* [THE PROBLEM]:
Repeat every record exactly as written, but leave out the pictures.

= Beginning of Section =

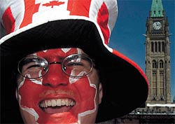 | День Канады. По числу лиц, разрисованных в цвета канадского флага, он вполне может конкурировать с хоккейным матчем |
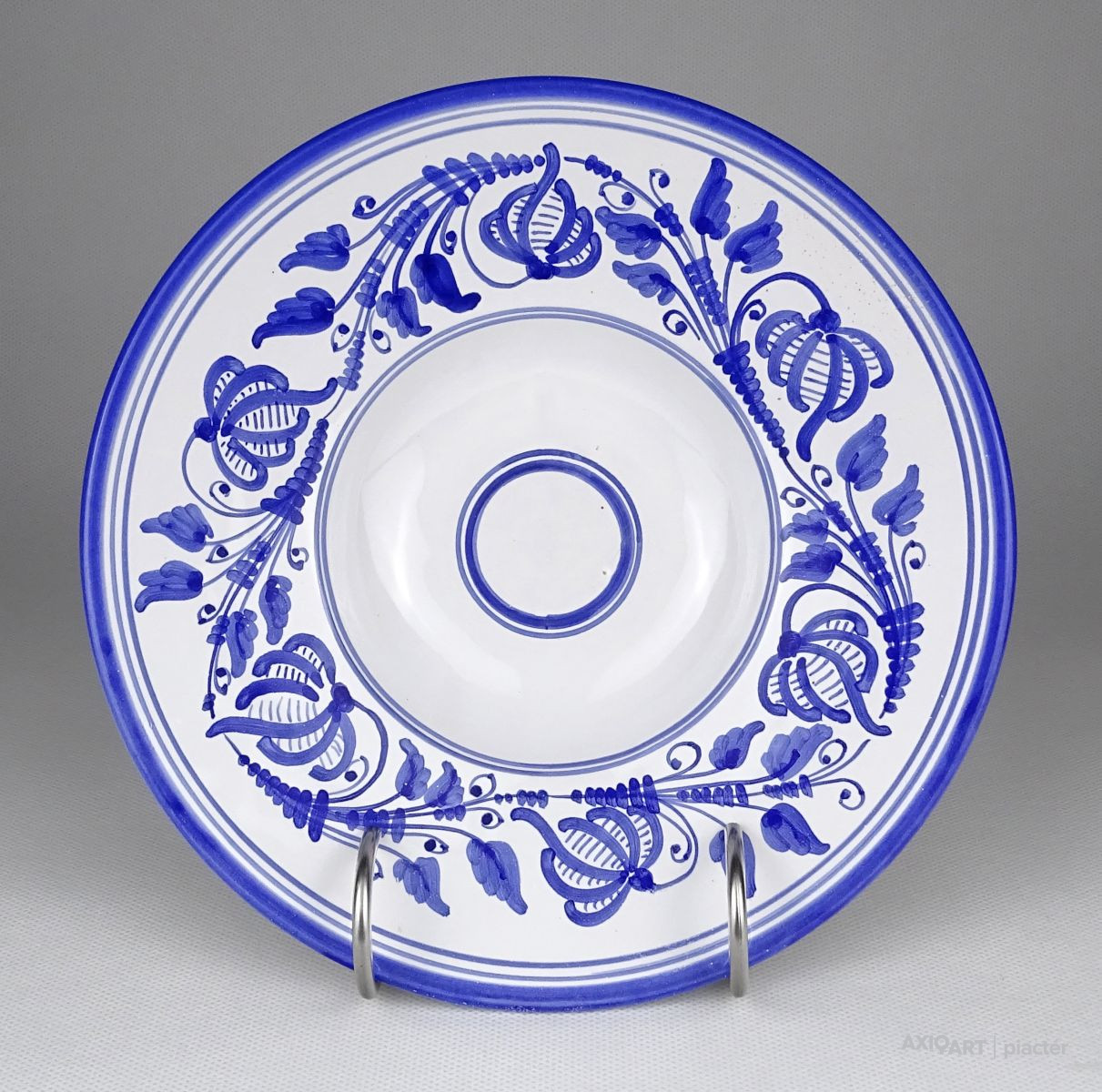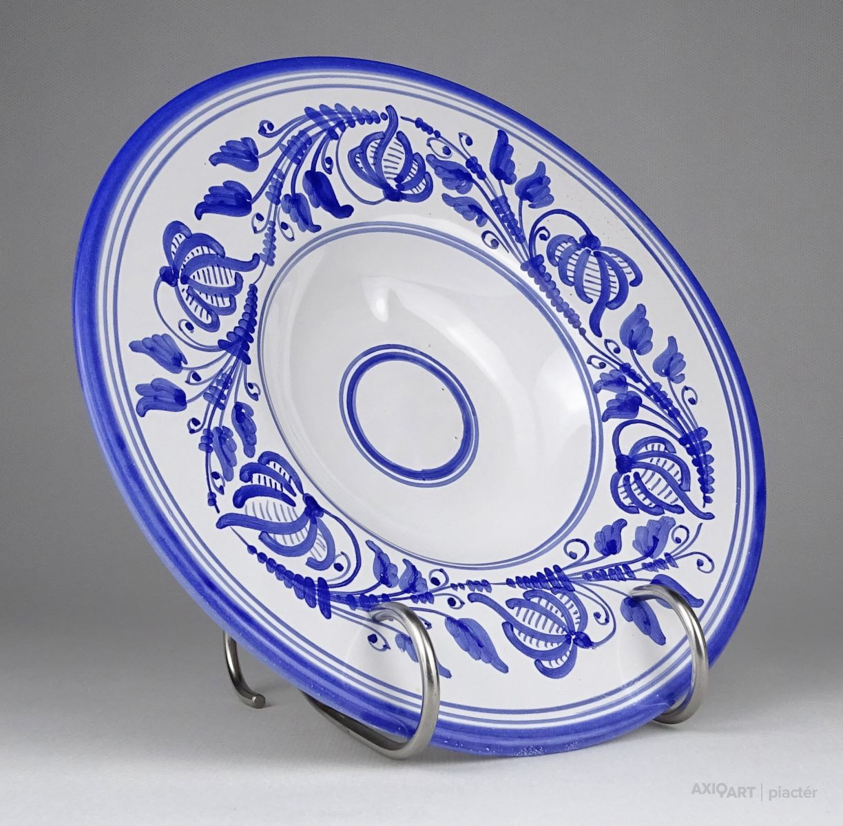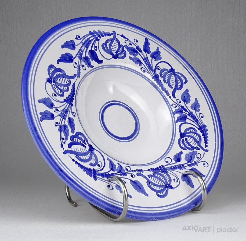Gyönyörű habán kézi festésű motívumokkal díszített népi motívumos kerámia fali tányér. Akasztási lehetőséggel rendelkezik.
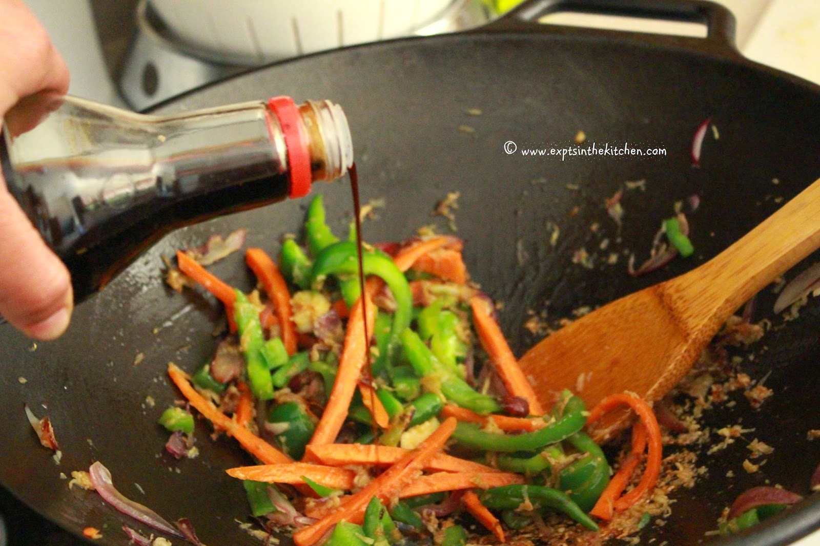 - Heat oil, add onion. Stir fry for 3-4 minutes. Then add capsicum, carrot. Stir-fry till it is soft and cooked another 2-3 minutes. Add the ginger, garlic and chilies.
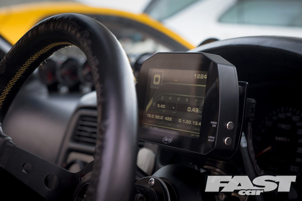 A look inside reveals a host of Defi gauges. That styling of multiple gauges is hugely popular in Thailand, however Momm is looking at replacing them with GReddy’s new lineup. The two gauges in the centre dash reveal the air temperatures before entering the intercooler and afterwards. A lot of heat is generated from the turbocharger and making sure sufficient air can reach the intercoolers in the rear is always a challenge for mid-engine vehicles – a problem Momm has experienced in the past. Thus he is always paying attention to those two gauges making sure the air temperature after the intercooler is below 50°C. Wanting for a more reliable read out, Momm has installed an AIM MXS Strada Dash.
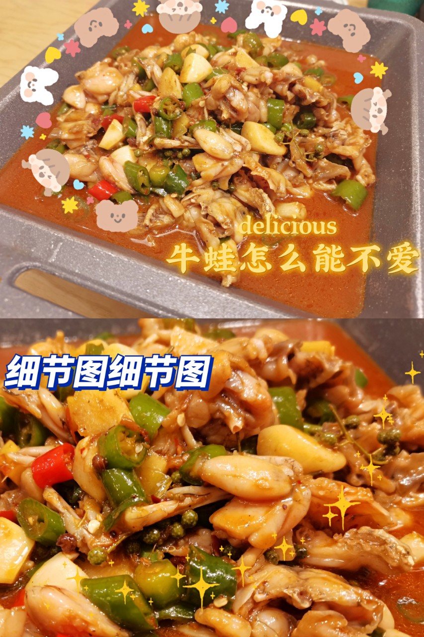 这个菜的全名我也忘记了…然后没搜到,里面就是青红椒、莴笋、很多去腥提味的香料,口味适中,蛙肉嫩滑紧实而不柴,不过个头都不太大,量相对有点少还有还有,莴笋不好吃!!

= End of Section =

* [ANSWER SPACE]:
 | День Канады. По числу лиц, разрисованных в цвета канадского флага, он вполне может конкурировать с хоккейным матчем |
Gyönyörű habán kézi festésű motívumokkal díszített népi motívumos kerámia fali tányér. Akasztási lehetőséggel rendelkezik.
 - Heat oil, add onion. Stir fry for 3-4 minutes. Then add capsicum, carrot. Stir-fry till it is soft and cooked another 2-3 minutes. Add the ginger, garlic and chilies.
 A look inside reveals a host of Defi gauges. That styling of multiple gauges is hugely popular in Thailand, however Momm is looking at replacing them with GReddy’s new lineup. The two gauges in the centre dash reveal the air temperatures before entering the intercooler and afterwards. A lot of heat is generated from the turbocharger and making sure sufficient air can reach the intercoolers in the rear is always a challenge for mid-engine vehicles – a problem Momm has experienced in the past. Thus he is always paying attention to those two gauges making sure the air temperature after the intercooler is below 50°C. Wanting for a more reliable read out, Momm has installed an AIM MXS Strada Dash.
 这个菜的全名我也忘记了…然后没搜到,里面就是青红椒、莴笋、很多去腥提味的香料,口味适中,蛙肉嫩滑紧实而不柴,不过个头都不太大,量相对有点少还有还有,莴笋不好吃!!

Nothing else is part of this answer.